## Task objective
Hunt through the lines below for the string "first" and copy each one that has it.

## Supplied records

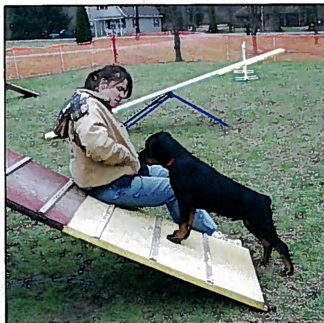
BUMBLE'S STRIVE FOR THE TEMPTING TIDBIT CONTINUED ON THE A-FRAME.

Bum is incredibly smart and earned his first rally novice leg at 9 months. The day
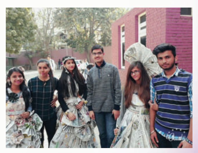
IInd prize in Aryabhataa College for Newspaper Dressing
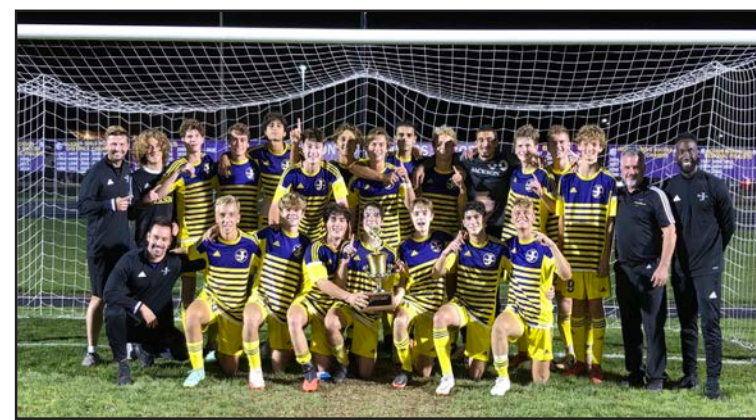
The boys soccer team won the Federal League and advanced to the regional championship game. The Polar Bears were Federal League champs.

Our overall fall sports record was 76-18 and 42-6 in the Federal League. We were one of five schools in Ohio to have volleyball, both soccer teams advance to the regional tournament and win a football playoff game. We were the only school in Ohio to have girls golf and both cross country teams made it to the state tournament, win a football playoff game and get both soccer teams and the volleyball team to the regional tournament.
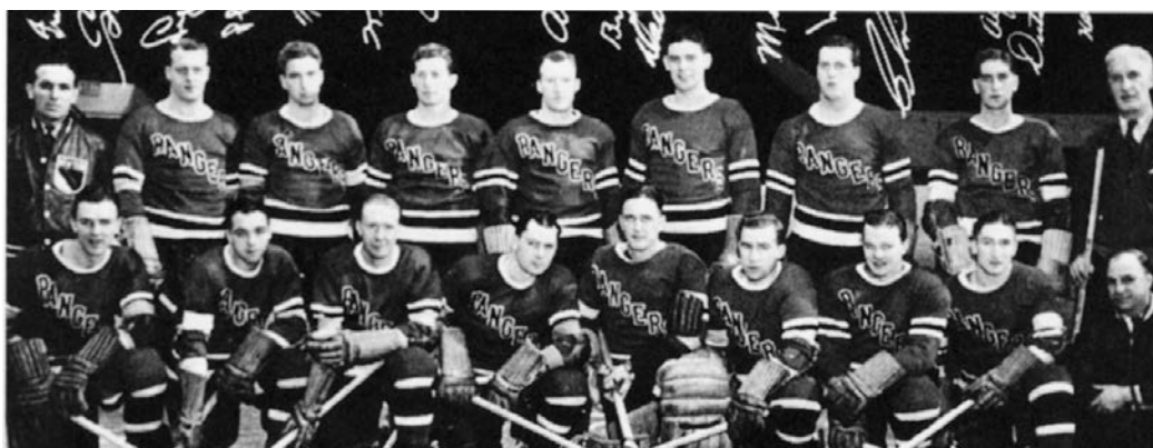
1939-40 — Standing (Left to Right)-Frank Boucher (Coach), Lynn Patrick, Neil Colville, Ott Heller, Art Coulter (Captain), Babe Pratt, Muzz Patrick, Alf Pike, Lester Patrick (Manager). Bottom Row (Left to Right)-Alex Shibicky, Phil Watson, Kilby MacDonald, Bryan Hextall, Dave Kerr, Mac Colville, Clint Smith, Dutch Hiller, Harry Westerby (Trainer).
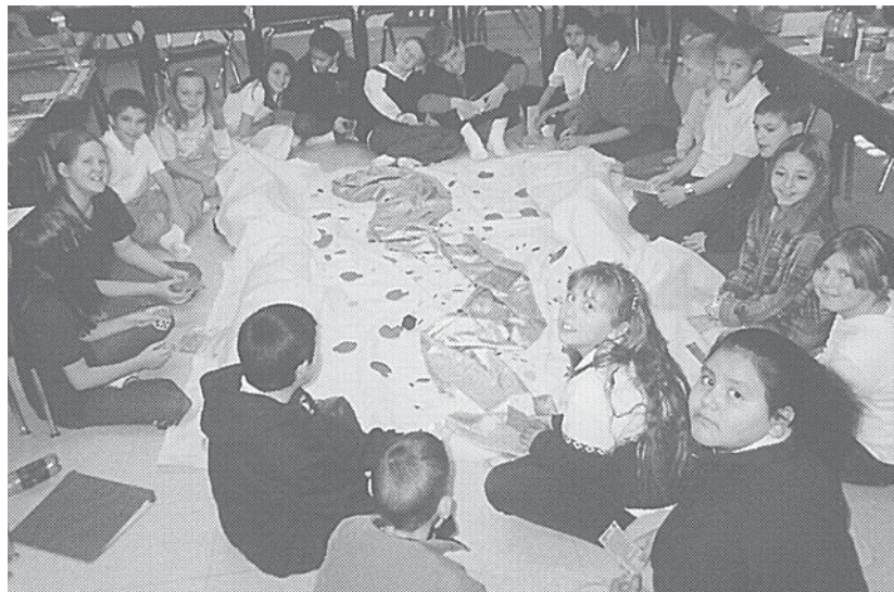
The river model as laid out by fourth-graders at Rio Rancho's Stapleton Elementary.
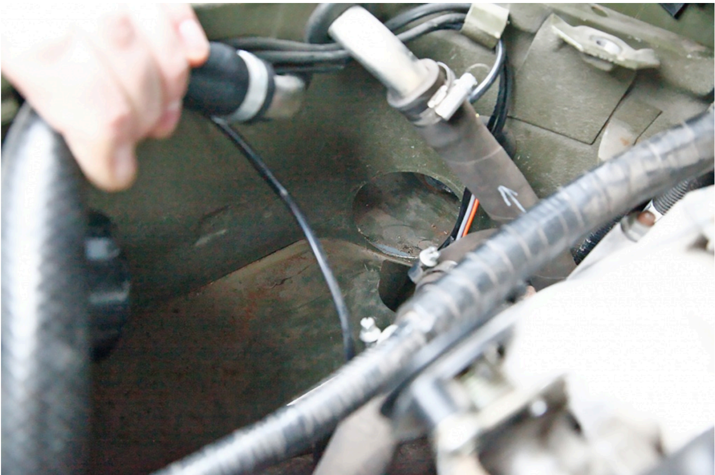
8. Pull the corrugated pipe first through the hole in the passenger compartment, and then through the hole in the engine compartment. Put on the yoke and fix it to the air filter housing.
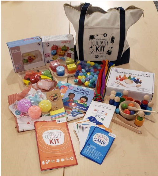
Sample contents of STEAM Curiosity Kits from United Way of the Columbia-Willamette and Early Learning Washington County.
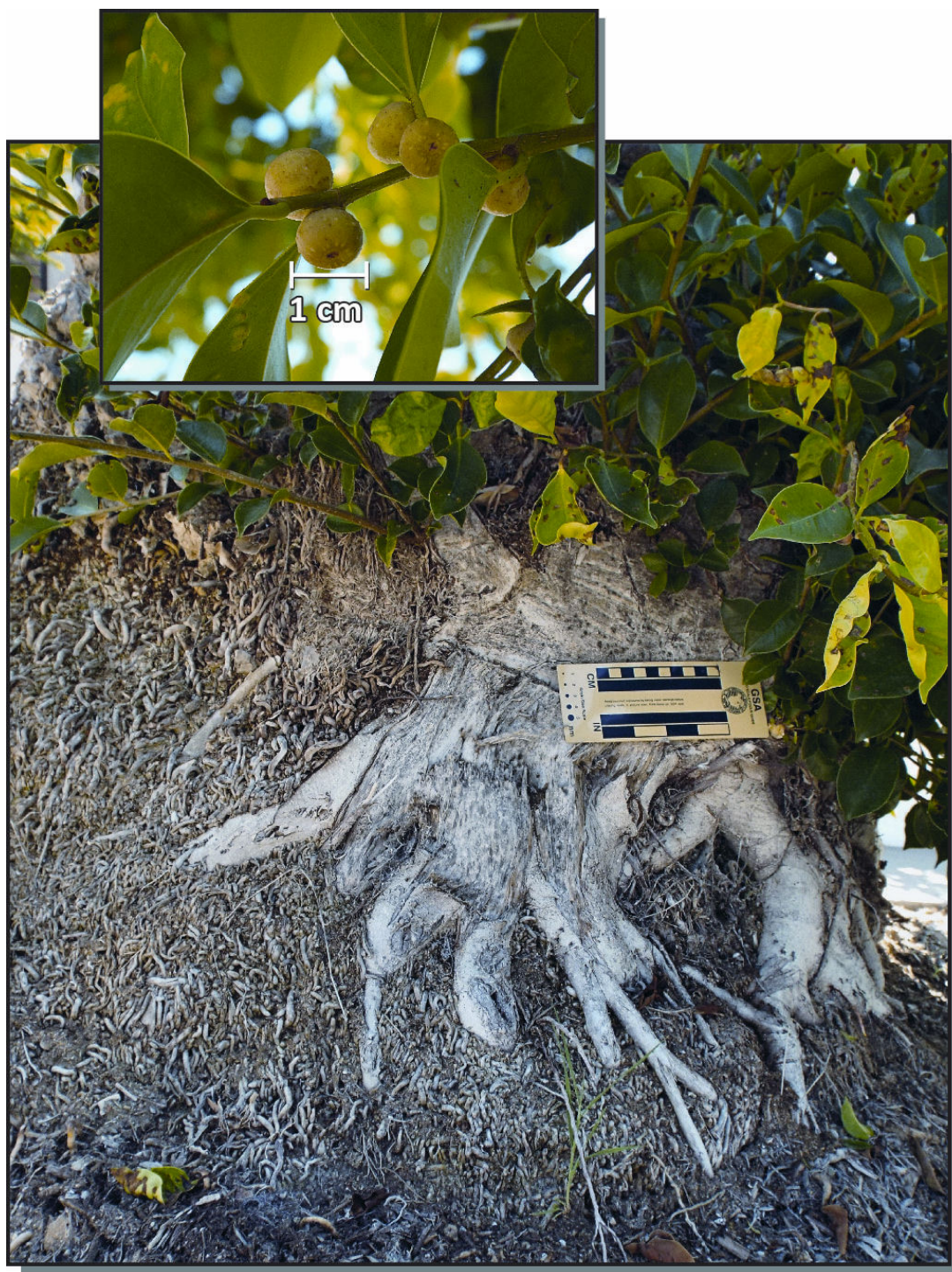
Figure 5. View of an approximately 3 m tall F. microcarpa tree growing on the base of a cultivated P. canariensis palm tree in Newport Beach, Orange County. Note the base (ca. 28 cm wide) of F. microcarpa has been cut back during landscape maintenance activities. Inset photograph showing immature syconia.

## Task output
Bum is incredibly smart and earned his first rally novice leg at 9 months. The day
8. Pull the corrugated pipe first through the hole in the passenger compartment, and then through the hole in the engine compartment. Put on the yoke and fix it to the air filter housing.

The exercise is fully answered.